American Gigolo and the Ethics of Falling in Love

(p.151) Chapter 7 American Gigolo and the Ethics of Falling in Love
Performing Ethics Through Film Style

Edward Lamberti

Edinburgh University Press

Chapter 7 analyses American Gigolo (1980), Paul Schrader’s third film as a director, following on from Blue Collar (1978) and Hardcore (1979). In comparison with the styles of Blue Collar and Hardcore, American Gigolo, a romantic thriller focusing on the high-class gigolo Julian Kaye (Richard Gere), is stylistically ostentatious, positively exploding with flourishes such as elaborate camera movements, expressive lighting, abundant use of music and striking use of colour, all of which would come to recur throughout Schrader’s work, frequently in the 1980s and periodically thereafter.

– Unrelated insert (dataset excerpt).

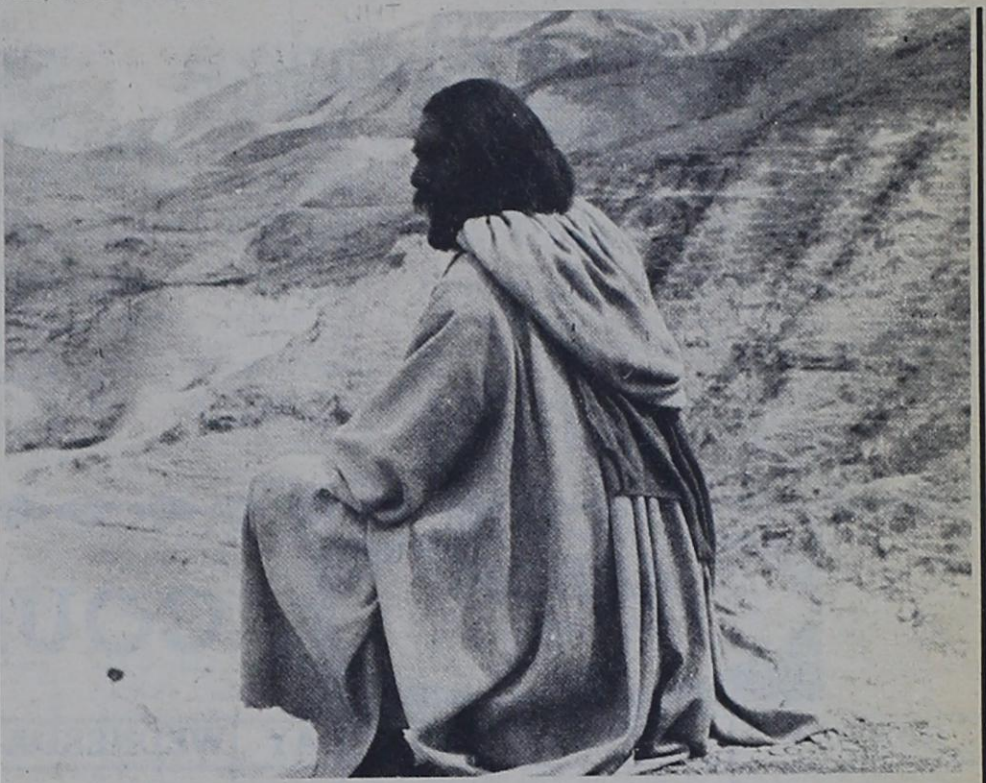
THE ART OF DOING GOOD

Wouldn't it sound funny if the Bible said Jesus "went about being good"? Instead it says "He went about doing good."

Drawing on Schrader’s own theoretical work on transcendental style, the chapter shows how analysing the film style of American Gigolo from a Levinasian perspective reveals the ethical drive of Julian’s relationship with his clients, before reflecting on what he gains ethically and what he loses ethically when he turns away from those clients towards a developing love affair with one particular person.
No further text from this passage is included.